Most applications likely can’t exploit multicore without significant re-engineering.

Recent discussions with several customers helps to confirm some of this thinking. I’ve heard all sorts of misconceptions about multicore and what developers need to do to exploit it. There is some real wishful thinking going on in some minds about how throwing 8 processors at a single threaded application will make the whole job GOFAST! right now.

We had a discussion in the office a while ago that was sparked by this informal ESC poll about multicore adoption:

Only 51 percent of respondents said they have applications running on multicore CPUs or will migrate to multicore processors in the next 3-5 years. A whopping 49 percent said they neither use multicore chips nor plan to in the next five years.

[Note that this was just a casual survey by Freescale and Virtutech. Likely they just walked around the show floor and asked folks what they thought. VDC runs a good shop and employs strong survey methodologies with secondary sources.]

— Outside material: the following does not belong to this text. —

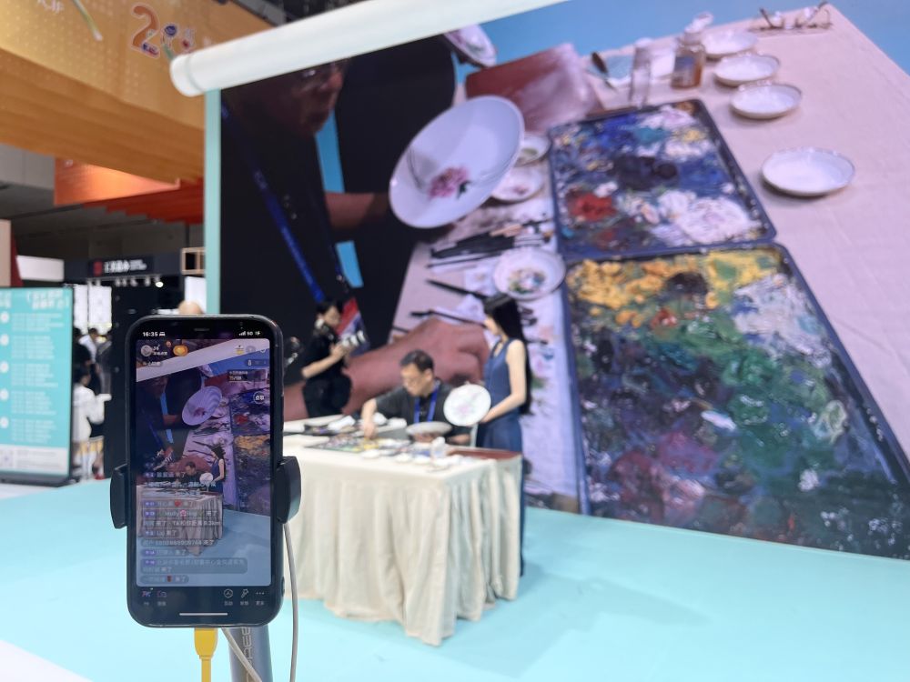 5月23日,藝術家洪米川在文博會現場展示瓷畫技藝。新華社記者 趙瑞希 攝

The discussion got started with this quote from Donald Knuth that was shared in a recent article:

I might as well flame a bit about my personal unhappiness with the current trend toward multicore architecture. To me, it looks more or less like the hardware designers have run out of ideas, and that they’re trying to pass the blame for the future demise of Moore’s Law to the software writers by giving us machines that work faster only on a few key benchmarks! I won’t be surprised at all if the whole multithreading idea turns out to be a flop, worse than the Itanium approach that was supposed to be so terrific until it turned out that the wished-for compilers were basically impossible to write.

Let me put it this way: During the past 50 years, I’ve written well over a thousand programs, many of which have substantial size. I can’t think of even five of those programs that would have been enhanced noticeably by parallelism or multithreading. Surely, for example, multiple processors are no help to TeX.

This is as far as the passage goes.